With the advent of automated machine learning, data scientists will need to adapt their role in the data science life cycle.
Automated machine learning (autoML) is being adopted more broadly across all industries as companies try to get the most out of their data science programs. As this trend continues, many data scientists are questioning their value to the organization and what they can offer that autoML cannot. To understand this, it is important to understand just what autoML is and how it fits into the full data science life cycle.

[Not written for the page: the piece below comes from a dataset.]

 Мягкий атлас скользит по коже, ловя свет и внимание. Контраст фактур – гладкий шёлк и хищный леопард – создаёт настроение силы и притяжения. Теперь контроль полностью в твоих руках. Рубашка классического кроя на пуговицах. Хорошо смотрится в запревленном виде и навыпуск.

AutoML is the umbrella term for tools and platforms that automate the steps of selecting the right model and optimizing its hyperparameters to generate the best model possible under a given set of data. There are libraries such as auto-sklearn and auto-WEKA that provide these autoML capabilities. There are also cloud platforms in this space that provide an entire ecosystem for automating machine learning, including Azure Machine Learning, Amazon Machine Learning, the Google Cloud Platform, and IBM Watson. These cloud providers fall under the category of machine learning as a service (MLaaS).
The goal of autoML is to shorten the cycle of experimentation and trial and error. It cycles through a large number of models and the hyperparameters used to configure those models to determine the best model available for the data presented. This is a tedious and time-consuming activity for any human data scientist, even if he or she is highly skilled. AutoML platforms can perform this repetitive task more quickly and exhaustively to reach a solution faster and more effectively.

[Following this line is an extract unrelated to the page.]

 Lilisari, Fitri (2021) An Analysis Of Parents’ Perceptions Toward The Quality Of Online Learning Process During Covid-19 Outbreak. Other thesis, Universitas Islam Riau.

The ultimate value of the autoML tools is not to replace data scientists but to offload their routine work and streamline their process to free them and their teams to focus their energy and attention on other aspects of the process that require a higher level of thinking and creativity. As their priorities change, it is important for data scientists to understand the full life cycle so that they can shift their energy to higher-value tasks and hone their skills to further elevate their value to their organizations.
The first step in any machine learning initiative is to identify what problem the business has to solve. During problem identification, data science teams evaluate what defines success for the business and determine where the application of machine learning can assist the business in achieving its business targets.
In this step, it is vital that data science teams understand the business (and business in general) well. Team members must understand business processes, have expertise in existing and potential markets, know the competitive and regulatory landscape within which its business operates, and be able to navigate the political ecosystem in which the data science program lives.
Such business acumen is not always among the strengths of traditional data scientists -- whose focus has traditionally been the mathematical and computer programming aspects of their role -- but it must become so for the future. This is an opportunity for a data science team to expand its team composition. The more technical data scientists can coach individuals with more business expertise on the intrinsic value of machine learning. Traditional technical data science teams working jointly with techno-savvy business partners can improve their outreach into (and value to) the business.